For further information please visit https://thehappyhandwriter.co.za/muscle-mania-2/

Telehealth is the use of telecommunication or virtual consultations for therapeutic services. As an alternative to face-to-face appointments, Occupational Therapists at this practice make use of video conferencing to offer assessments, therapy sessions and parent consultations through online platforms that are deemed safe and secure by South African health industry norms. We also make use of other platforms, such as WhatsApp (text messages, voice-notes, video calls, photo and video sharing), emails, home programmes and telephone calls, in order to provide therapeutic services.

Telehealth services are typically provided in situations where you or your child cannot attend face-to-face appointments. Telehealth services may also be provided in addition to face-to-face appointments to facilitate and enable ongoing support and guidance in the best interest of your child. Your therapist will discuss your child’s current functioning with you and will offer you support which is most suited to your child’s individual differences. Telehealth services, as with face-to-face consultations, are time-based billing codes and therefore billed at usual therapy tariffs, unless special billing arrangements have been agreed upon between the therapist and client.

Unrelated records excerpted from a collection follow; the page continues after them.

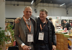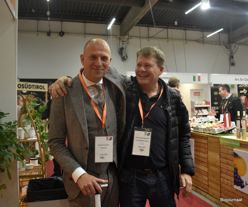 Bareld Kootrstra van Fairtrasa kwam ook een kijkje nemen op de beurs. Bij hem staat Jens Holme Pederson, een teler van blauwe bessen.
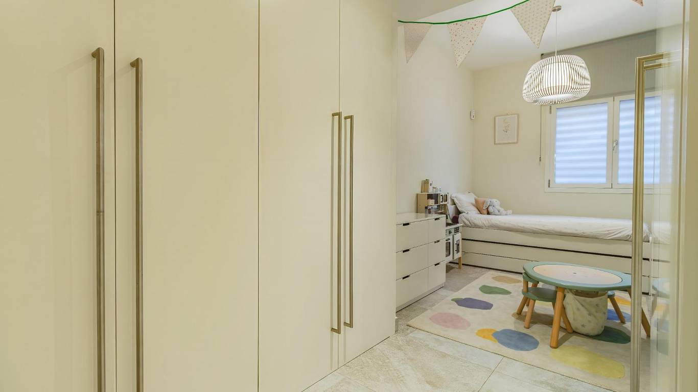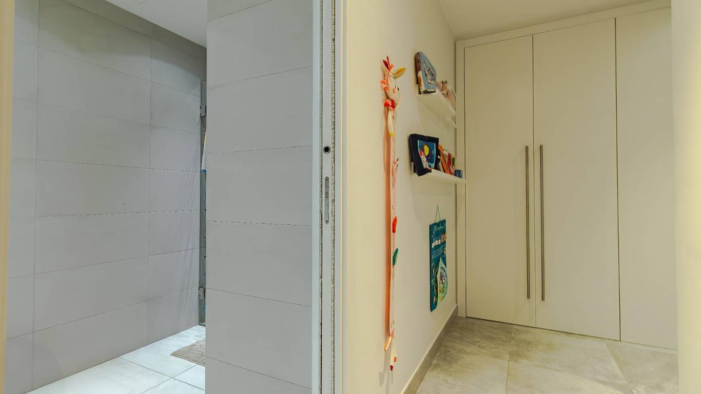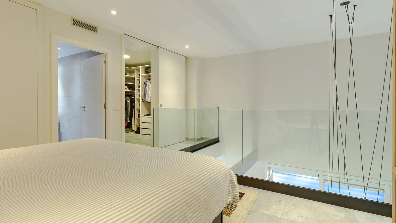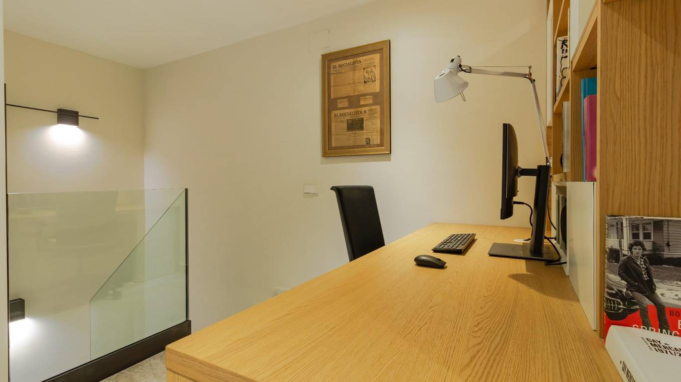 La planta superior aporta un ritmo diferente. El despacho abierto aporta un lugar perfecto para trabajar o concentrarse sin perder la conexión con el resto de la vivienda, mientras que el dormitorio principal ofrece amplitud y un vestidor con baño propio que facilita una rutina cómoda y bien organizada. En este nivel también se integra, de manera discreta dentro de un armario, la zona destinada a la colada, manteniendo la estética ordenada del espacio.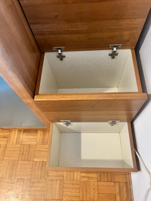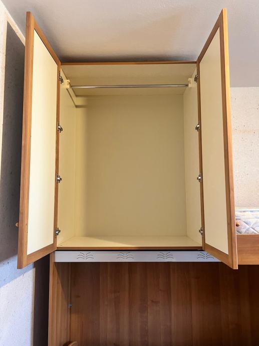 U to dolazi sve s fotografija; 2 kreveta, 2 ormara, 2 radna stola, regal, te stepenice koje se mogu otvarati. Sveukupna širina kreveta na kat s ormarima je 3,5m.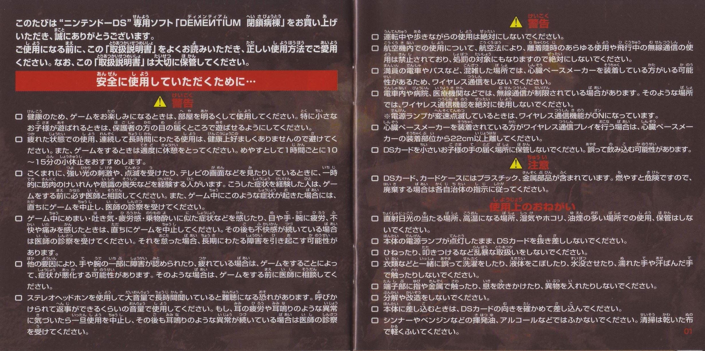 HOME > DEMENTIUM 閉鎖病棟攻略TOP > 取扱説明書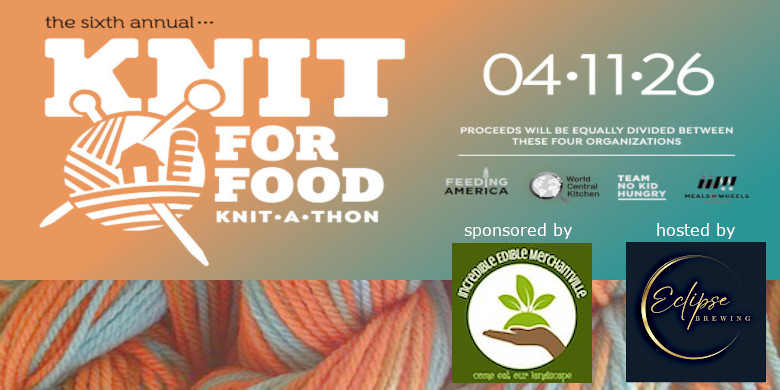 This year's 6th Annual Knit For Food Knit-a-thon will take place on Saturday, April 11th. The Knit for Food Knit-a-thon is a 12 hour marathon to raise funds and awareness for food insecurity. To join this effort you can knit at home, or you can gather a locally and knit together. Eclipse Brewing is hosting a team sponsored by Incredible Edible (IE) Merchantville from 12:00 p.m. to 10 p.m. and welcomes family, friends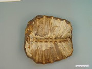本品呈椭圆形或卵圆形,嘴面隆起,长10~15cm,宽9~14cm。外表面黑褐色或墨绿色。略泽,具细网状皱纹及灰黄色或灰白色斑点,中间有一条纵棱,两侧各有左右对称的横凹纹8条,外皮脱落后,可见锯齿状嵌接缝。内表面类白色,中部有突起的脊椎骨,颈骨向内卷曲,两侧各有肋骨8条,伸出边缘。质坚硬。气微腥,味淡。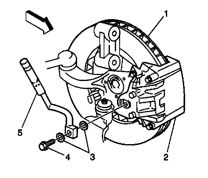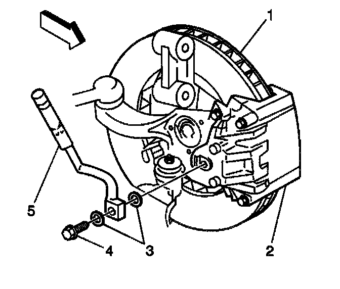 8. Remove the brake hose (5) from the brake caliper (2).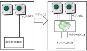 雙手同步控制,必須兩個(gè)按鈕同時(shí)按下機(jī)床才動(dòng)作,超過同步控制時(shí)間機(jī)床則不動(dòng)作;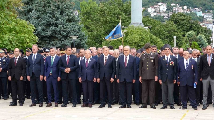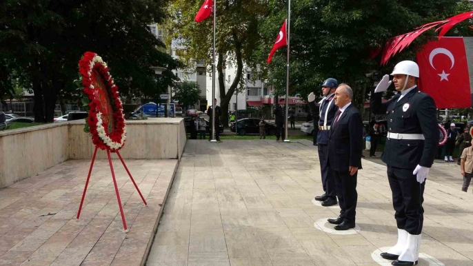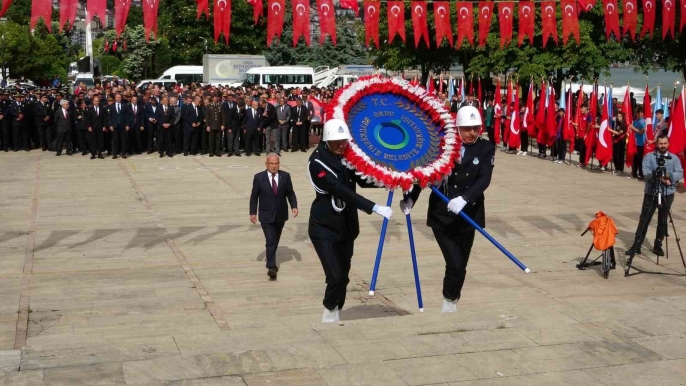 Atatürk Anıtı'nda düzenlenen törende Vali Muammer Erol, Garnizon Komutanı İkmal Albay Hakan Oktay, Büyükşehir Belediye Başkanı Dr. Mehmet Hilmi Güler ve çeşitli dernek başkanları çelenk sundular. Saygı duruşu ve İstiklal Marşı'nın okunmasının ardından konuşmalar yapıldı.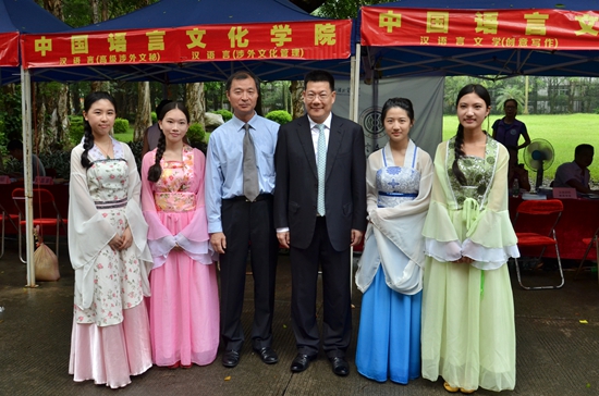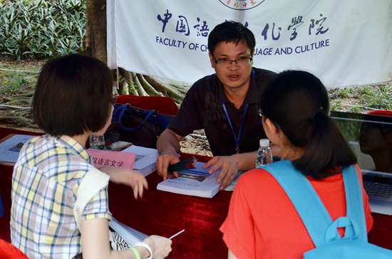 我院院长刘小平、党委书记李和民、副院长魏慧斌、副院长刘海玲、党委副书记李江以及汉语言文学系主任朱志刚、对外汉语系主任严修鸿、中国文化系主任王焱等均出席本次开放日,亲自“坐镇”我院摊位,为家长学生解疑答惑。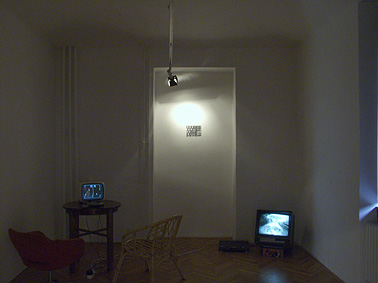 Privat(e) Gallery P74, Ljubljana April 2003 View 3 - The second, smaller space. One black and white video with almost no sound Privat(e) one ready-made video game and b/w photo.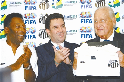 阿维兰热(右)2009年与球王贝利(左)在一起。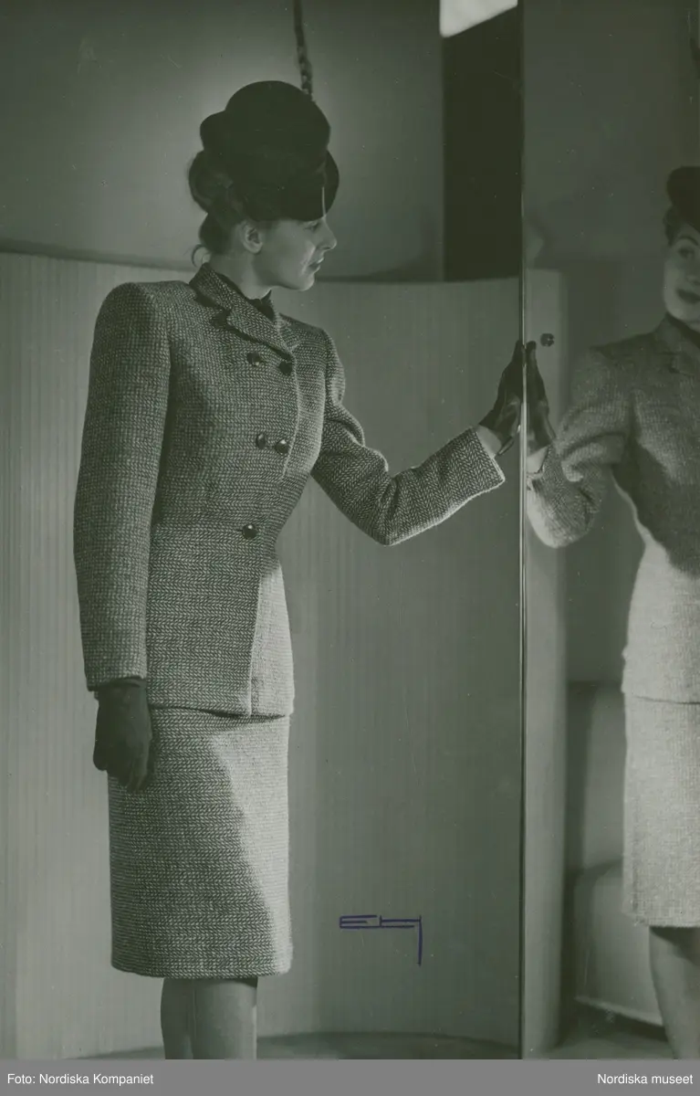 Modell i dräkt, hatt och handskar vid en spegel, från Molyneux.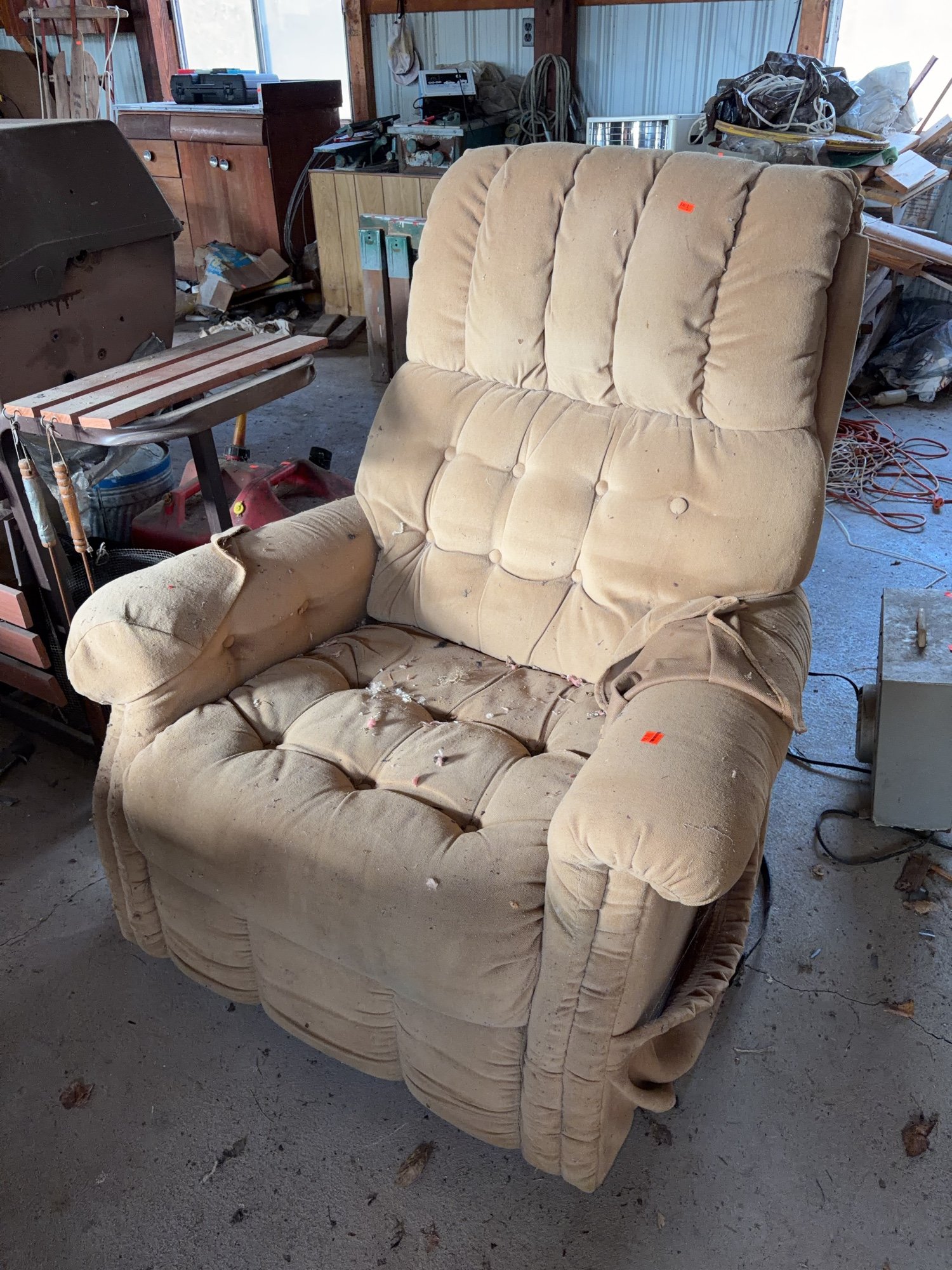 936 Lazyboy Tan/light yellow reclining chair (cosmetic damage) 18” floor to seat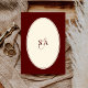 The invitation features a warm ivory background framed by a delicate double-line burgundy border, offering a balanced and tailored look reminiscent of European estate stationery and private club correspondence. At the center, an elegant oval frame highlights your monograms in a romantic script paired with classic serif typography, creating a beautiful contrast that feels formal, intentional, and enduring.

Parents are welcome to accompany and support their children during their Telehealth consultations as they would during face-to-face therapy sessions. In certain situations, parent or caregiver presence may be required to ensure the success of the intervention. Please note that Telehealth therapy sessions will not be identical to face-to-face therapy sessions. Some therapeutic activities and techniques are reliant on hands-on facilitation and specialized equipment which cannot always be 100% replicated via Telehealth. Occupational therapy is, however, well suited to Telehealth services as Occupational Therapists are trained to be “out of the box” thinkers utilizing their skills in activity analysis and their continuous consideration of the environment the client finds themselves in. In our practice’s experience, Telehealth intervention has proved extremely useful to facilitate a deeper understanding of our clients and improving parent-therapist collaboration by bringing therapy into homes.